Former NASA Administrator Bridenstine to Newsmax: US Goes to the Moon to Stay

Former NASA Administrator Jim Bridenstine told Newsmax on Saturday that the Artemis I mission paves the way for the United States to go to the moon and operate both in orbit and from the lunar surface for an extended period of time.

“[Artemis] was an initiative of the [former President Donald] Trump-[Mike] Pence administration,” Bridenstine, a Trump appointee who oversaw the agency from 2018-2021, said during “America Right Now” on Saturday. ‘It was a plan to go back to the moon. This time sustainable. In other words, We stay.”

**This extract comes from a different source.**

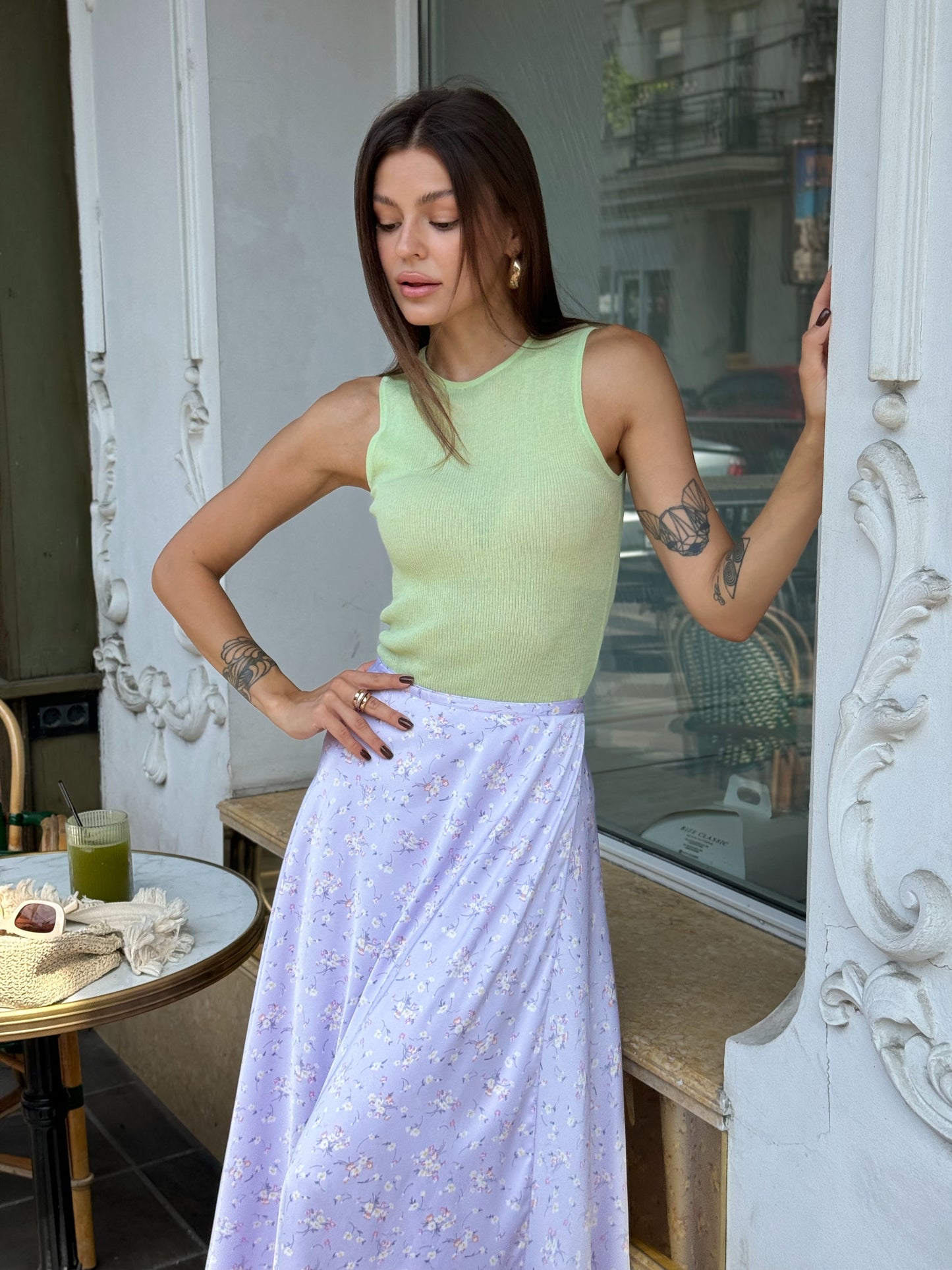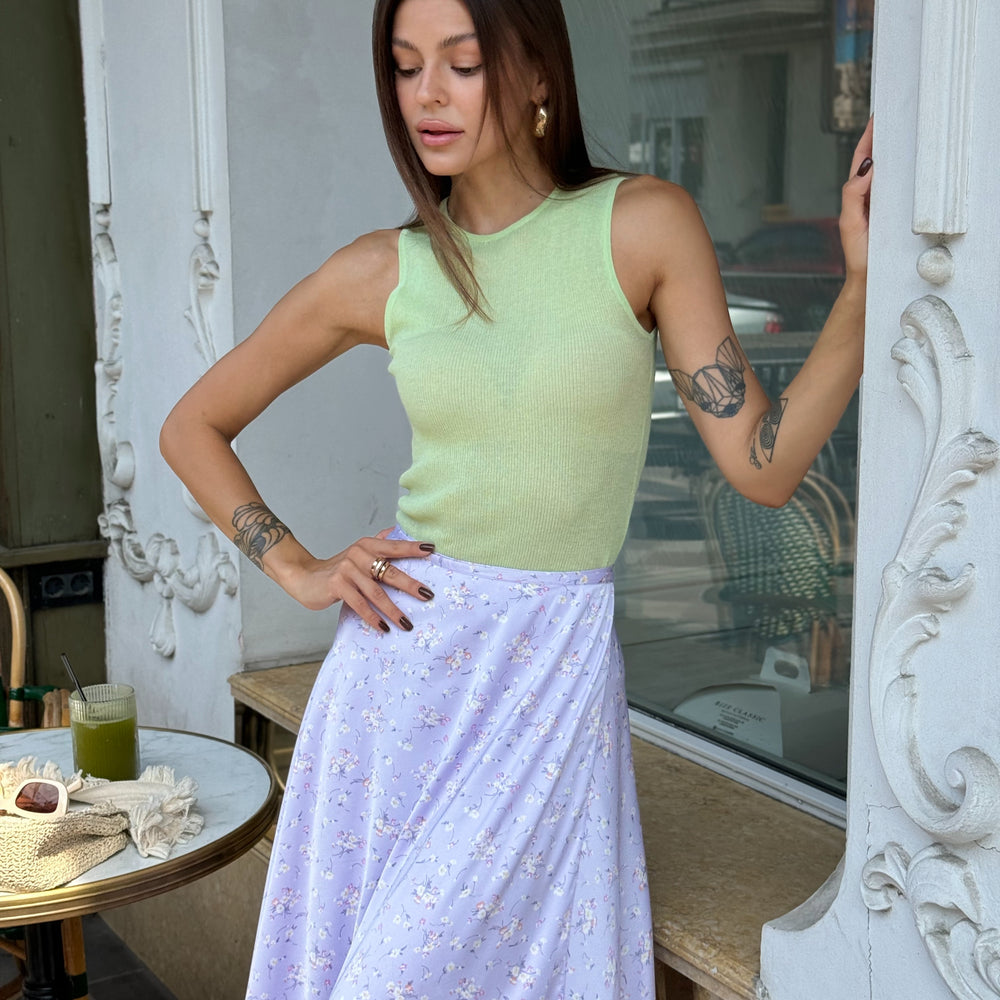 Floral lilac midi skirt
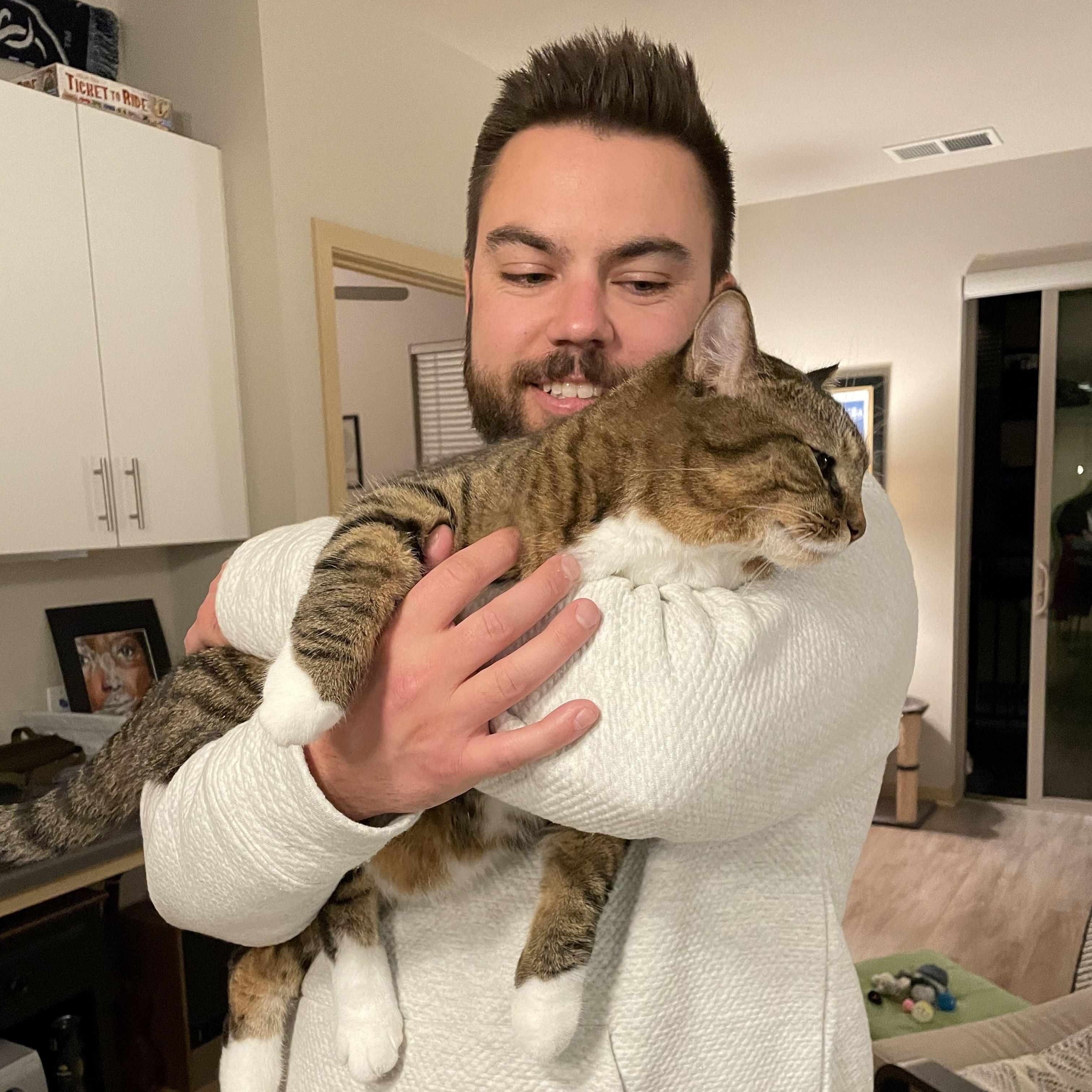 Katie is an extrovert working from home as a graphic designer, she is lucky enough to have an associate (their cat Lunar) that barely tolerates her when Grant is at work. Her passions include Wisconsin beers and cheeses, cat videos, SPORTS, and dressing up like famous men from the 80s for Halloween.

Bridenstine said a coalition of both international and commercial partners is now involved in what was initially a US military project when the Apollo program went to the moon 60 years ago.

This time, he said, the missions aim to use the resources found on the moon to support an orbiting “space station” as well as possible structures on the surface to learn how to survive on another world for a long period of time in anticipation of eventually going to Mars.

“We’re going to use the water ice that’s common, especially at the south pole of the moon,” he said. “Water ice is H2O. It’s hydrogen, which is fuel. It’s oxygen, which is there for us to breathe.”

He said the water could also be made drinkable along with sunlight for solar energy.

Artemis I took off from Florida’s Kennedy Space Center on Nov. 16 and is expected to enter lunar orbit on Nov. 21, according to NASA.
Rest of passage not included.